That's something I always try to go on to people about. Sure something like Cinebench is neat... but unless you are using it to do renders the results don't tell you much. Different kinds of workloads vary a lot. Like in my case: I play games but in particular a lot of Elder Scrolls Online which is not well programmed. It tends to be CPU limited by a single thread. It makes a bit of use of other threads but only a couple, and is almost always waiting on the CPU so the GPU doesn't need to be more powerful. So for that, I needed as much per-core performance as I could get. Total performance not relevant for that. So high IPC and high clocks were better than more cores.

Or audio production, I also do that. There it all matters in different ways. Total performance isn't irrelevant, since every plugin is a thread so you can use a core per effect/instrument and thus use tons. However those things don't generally use very much, they can be stacked real high on a single core so you don't need lots of cores. However there are also some instruments with heavy scripting that can hit a single core hard. The scripts only run on one core, they can't be threaded, so you need some beefy per-core performance for those particular instruments. Finally a thing that is very important, and not measured, is latency. You need to be able to do things FAST and service system calls fast, or you can have dropouts when doing realtime audio. You can have situations where your actual CPU load is fairly low, yet you get a dropout and Cubase shows the realtime audio load as peaking out. This is something that finding benchmarks on is hard, as it is a combo of things that contribute to it. So just having a hugely multi-core CPU with slow per core performance wouldn't be great for it.
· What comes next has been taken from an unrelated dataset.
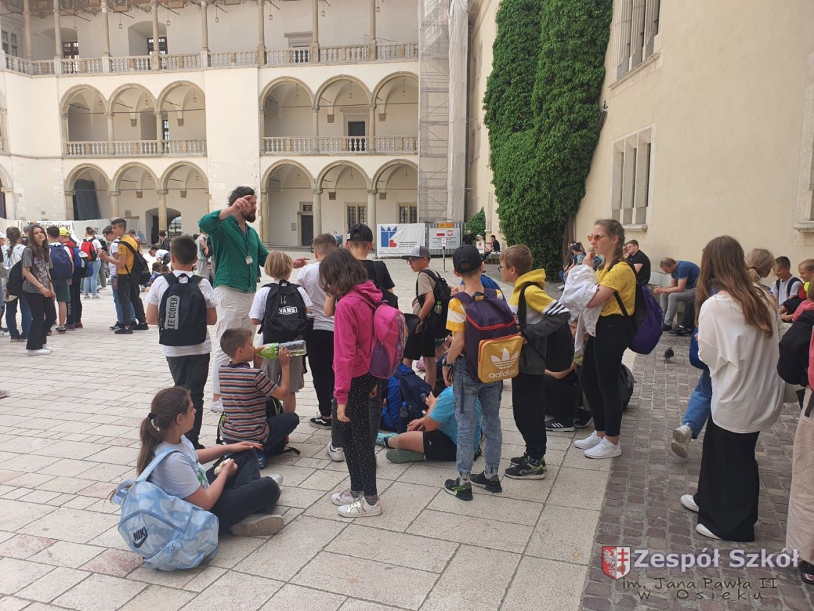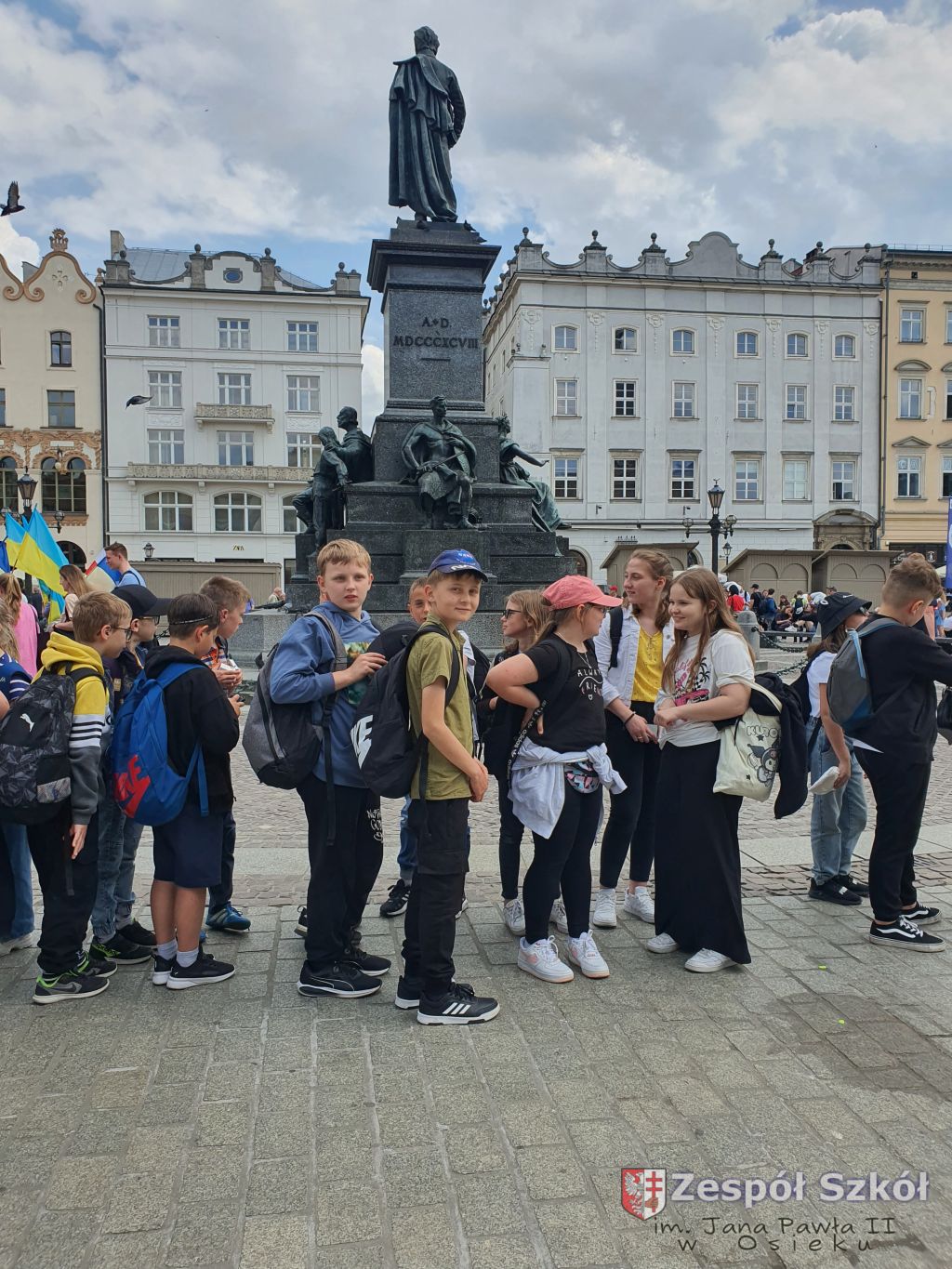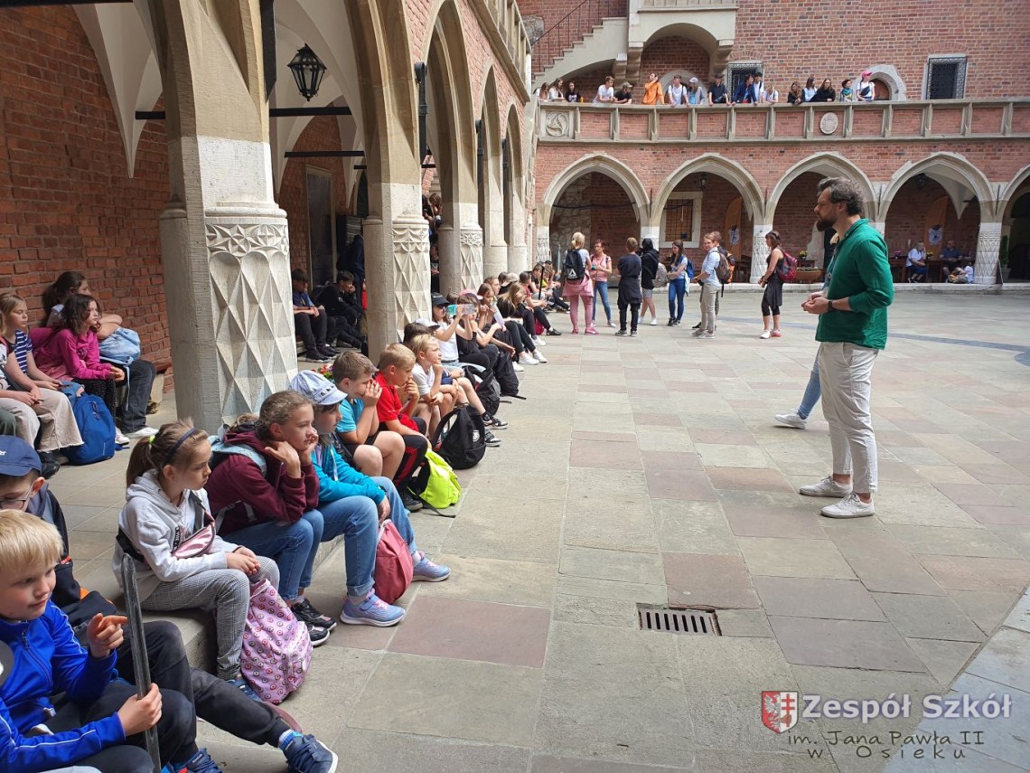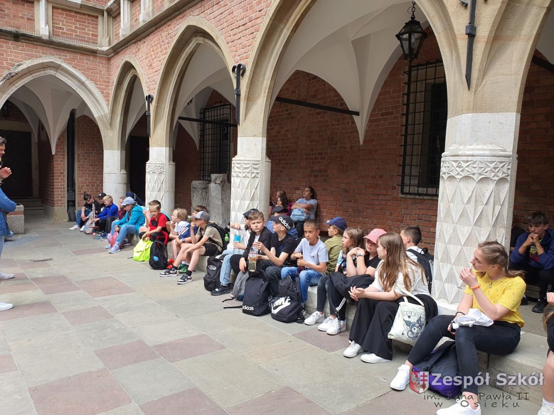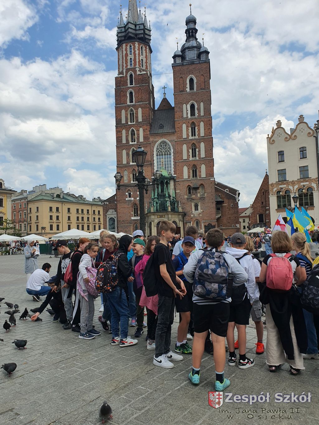 Czekaliśmy, aż trębacz zagra hejnał mariacki. Usłyszeliśmy legendę o przerwanym hejnale, którą opowiedział nam uczeń klasy IVa, Filip Mikus. Pan przewodnik powiedział, że jeśli trębacz nam odmacha, ma to oznaczać nasz powrót do Krakowa. Wszystko wskazuje na to, że odwiedzimy jeszcze to piękne miasto. Wraz z przewodnikiem odwiedziliśmy jeszcze kilka innych zabytkowych miejsc, m.in. Muzeum Uniwersytetu Jagiellońskiego, Zamek Królewski na Wawelu, starą jamę smoka wawelskiego oraz współczesnego ziejącego ogniem smoka. Dowiedzieliśmy się także więcej o Janie Pawle II oraz o krakowskich gołębiach.

Now of course I am never going to claim that what I do is what everyone does and that everyone should care about what I care about. But it is an example of how benchmarks can be situation-specific. Much like most people don't care about ESO or Cubase, most people also don't care about x264 or Cinebench. Different people ahve different needs. So trying to find benchmarks that take good advantage of highly parallel CPUs and showing those as a big win... well that is msileading.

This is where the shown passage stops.